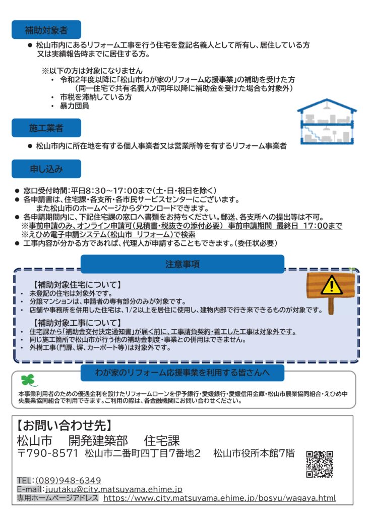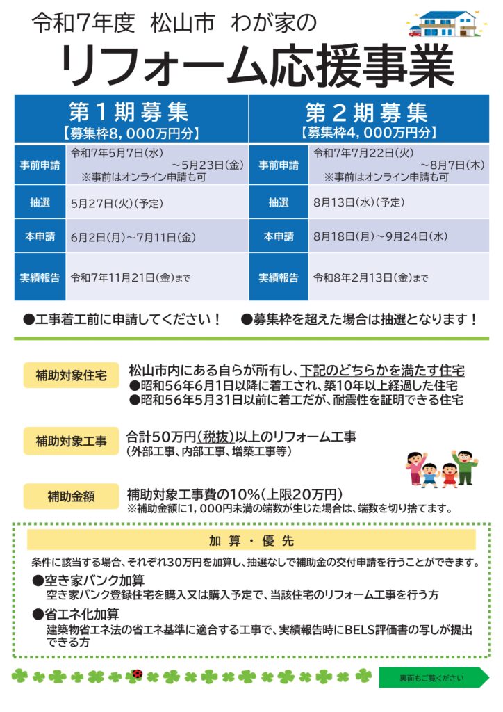 愛媛県松山市のリフォーム補助金、令和7年度『松山市わが家のリフォーム応援事業』
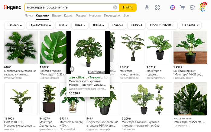 Товары в Яндекс Картинках
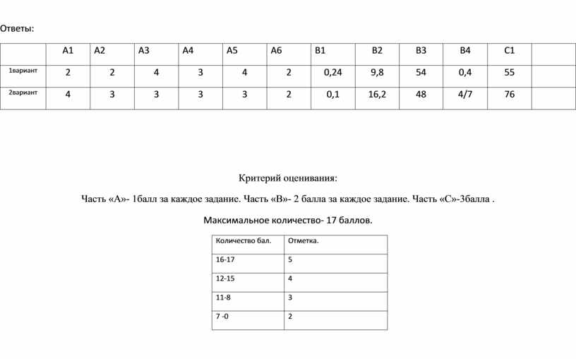 Часть «А»- 1балл за каждое задание. Часть «В»- 2 балла за каждое задание. Часть «С»-3балла .
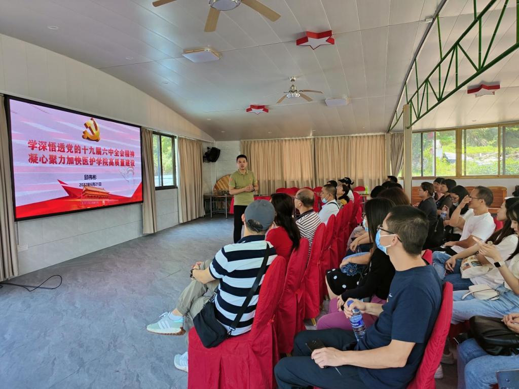 党委负责人为党员们上了一堂题为《学深悟透党的十九届六中全会精神凝心聚力加快医护学院高质量建设》的党课,从党的十九届六中全会的基本概况和《中共中央关于党的百年奋斗重大成就和历史经验的决议》的重要意义、重要成就等几个方面,对十九届六中全会精神进行了全面解读,并结合医护学院工作实际,对进一步深入学习贯彻党的十九届六中全会精神提出了具体要求。
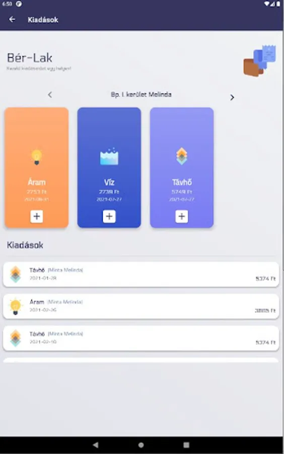 • With the help of the Bér-Lak application, you can see it separately for each property and utility service provider
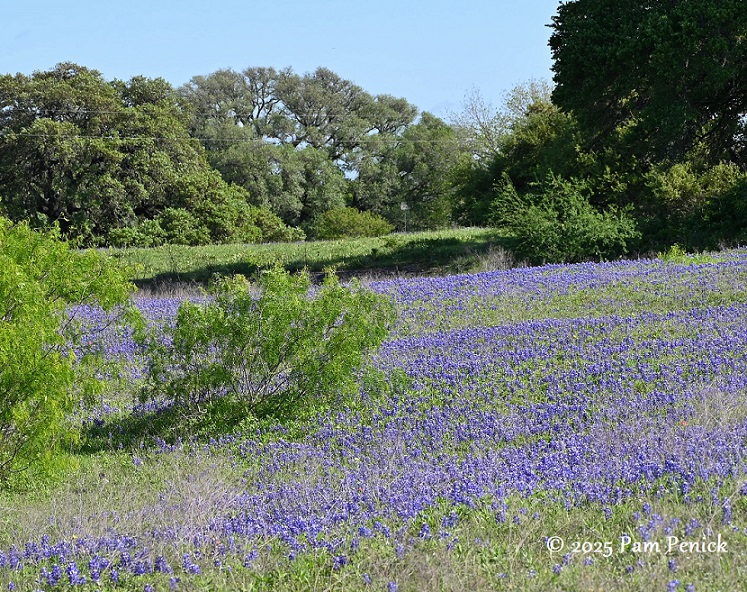 For our wildflower safari last Thursday, we drove east to Giddings and then meandered along two-lane farm-to-market roads between Giddings and Independence. A blue haze in the distance finally hinted at what was ahead — a field of bluebonnets!

• Assignment: Each record above needs to be copied exactly, with images left out.

• Task output:
 愛媛県松山市のリフォーム補助金、令和7年度『松山市わが家のリフォーム応援事業』
 Товары в Яндекс Картинках
 Часть «А»- 1балл за каждое задание. Часть «В»- 2 балла за каждое задание. Часть «С»-3балла .
 党委负责人为党员们上了一堂题为《学深悟透党的十九届六中全会精神凝心聚力加快医护学院高质量建设》的党课,从党的十九届六中全会的基本概况和《中共中央关于党的百年奋斗重大成就和历史经验的决议》的重要意义、重要成就等几个方面,对十九届六中全会精神进行了全面解读,并结合医护学院工作实际,对进一步深入学习贯彻党的十九届六中全会精神提出了具体要求。
 • With the help of the Bér-Lak application, you can see it separately for each property and utility service provider
 For our wildflower safari last Thursday, we drove east to Giddings and then meandered along two-lane farm-to-market roads between Giddings and Independence. A blue haze in the distance finally hinted at what was ahead — a field of bluebonnets!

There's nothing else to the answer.